Exercise: Logit vs Probit¶
[18]:
fig = plt.figure(figsize=(12, 8))
ax = fig.add_subplot(111)
support = np.linspace(-6, 6, 1000)
ax.plot(support, stats.logistic.cdf(support), "r-", label="Logistic")
ax.plot(support, stats.norm.cdf(support), label="Probit")
ax.legend()
[18]:
<matplotlib.legend.Legend at 0x7f8ce01d4520>
[19]:
fig = plt.figure(figsize=(12, 8))
ax = fig.add_subplot(111)
support = np.linspace(-6, 6, 1000)
ax.plot(support, stats.logistic.pdf(support), "r-", label="Logistic")
ax.plot(support, stats.norm.pdf(support), label="Probit")
ax.legend()
[19]:
<matplotlib.legend.Legend at 0x7f8ce00a5a80>
Compare the estimates of the Logit Fair model above to a Probit model. Does the prediction table look better? Much difference in marginal effects?

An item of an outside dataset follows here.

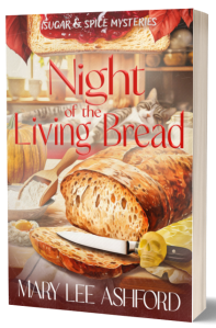 Welcome to my stop on the Great Escapes Virtual Book Tour for Night of the Living Bread (Sugar & Spice Mysteries) by Mary Lee Ashford! Today we are featuring a review of the fourth book in this delicious cozy mystery series. Stop by each blog on the tour for interviews, guest posts, spotlights, reviews, and more! There is also a Rafflecopter Giveaway for a gift basket with a signed copy of the book, a special recipe, a vintage community cookbook, and a pair of Cat Nap pajama pants, which are a part of the story. ENTER HERE!
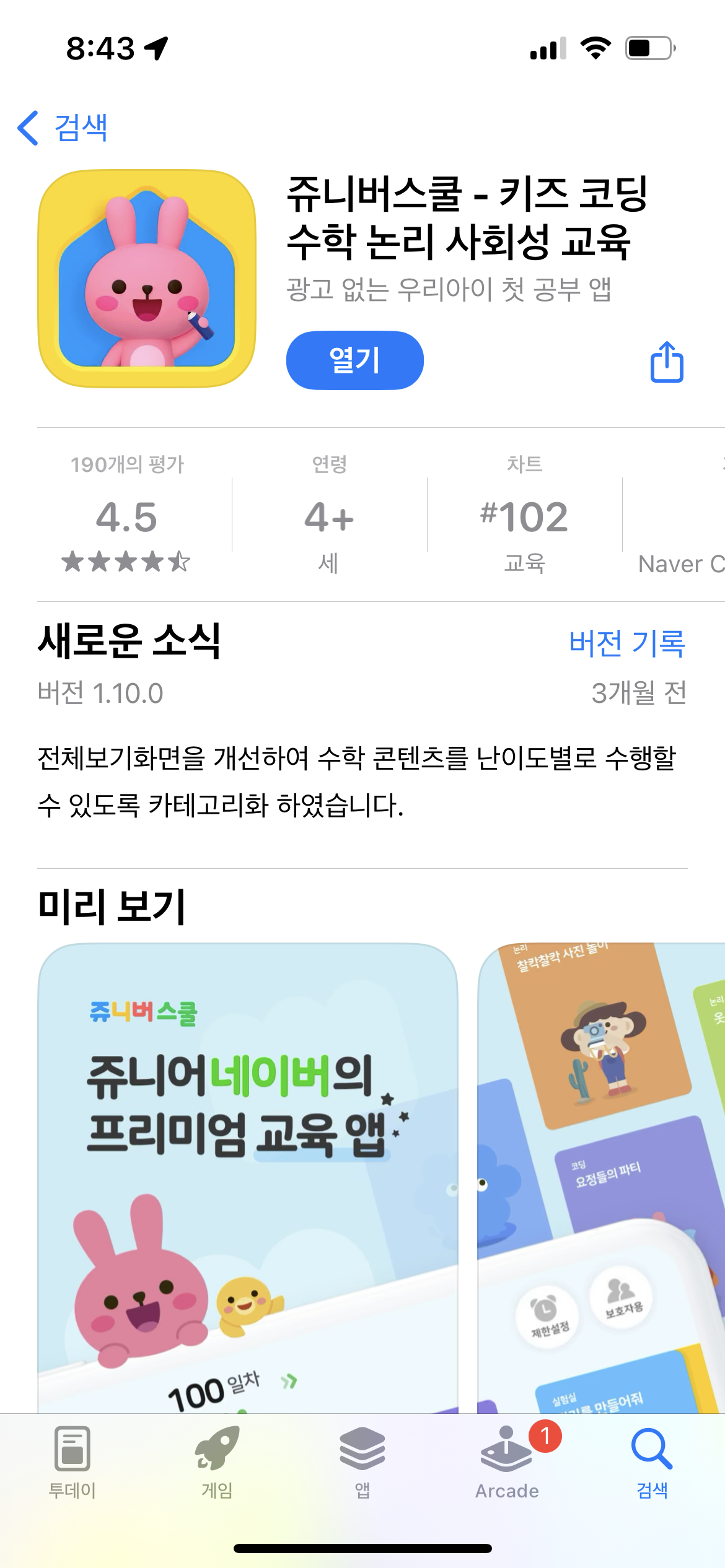 그때 그 주니어 네이버가 쥬니버스쿨이라는 앱을 출시했어요.

Generalized Linear Model Example¶
[20]:
print(sm.datasets.star98.SOURCE)
Jeff Gill's `Generalized Linear Models: A Unified Approach`
http://jgill.wustl.edu/research/books.html
[21]:
print(sm.datasets.star98.DESCRLONG)
This data is on the California education policy and outcomes (STAR program
results for 1998. The data measured standardized testing by the California
Department of Education that required evaluation of 2nd - 11th grade students
by the the Stanford 9 test on a variety of subjects. This dataset is at
the level of the unified school district and consists of 303 cases. The
binary response variable represents the number of 9th graders scoring
over the national median value on the mathematics exam.
The data used in this example is only a subset of the original source.
[22]:
print(sm.datasets.star98.NOTE)
::
Number of Observations - 303 (counties in California).
Number of Variables - 13 and 8 interaction terms.
Definition of variables names::
NABOVE - Total number of students above the national median for the
math section.
NBELOW - Total number of students below the national median for the
math section.
LOWINC - Percentage of low income students
PERASIAN - Percentage of Asian student
PERBLACK - Percentage of black students
PERHISP - Percentage of Hispanic students
PERMINTE - Percentage of minority teachers
AVYRSEXP - Sum of teachers' years in educational service divided by the
number of teachers.
AVSALK - Total salary budget including benefits divided by the number
of full-time teachers (in thousands)
PERSPENK - Per-pupil spending (in thousands)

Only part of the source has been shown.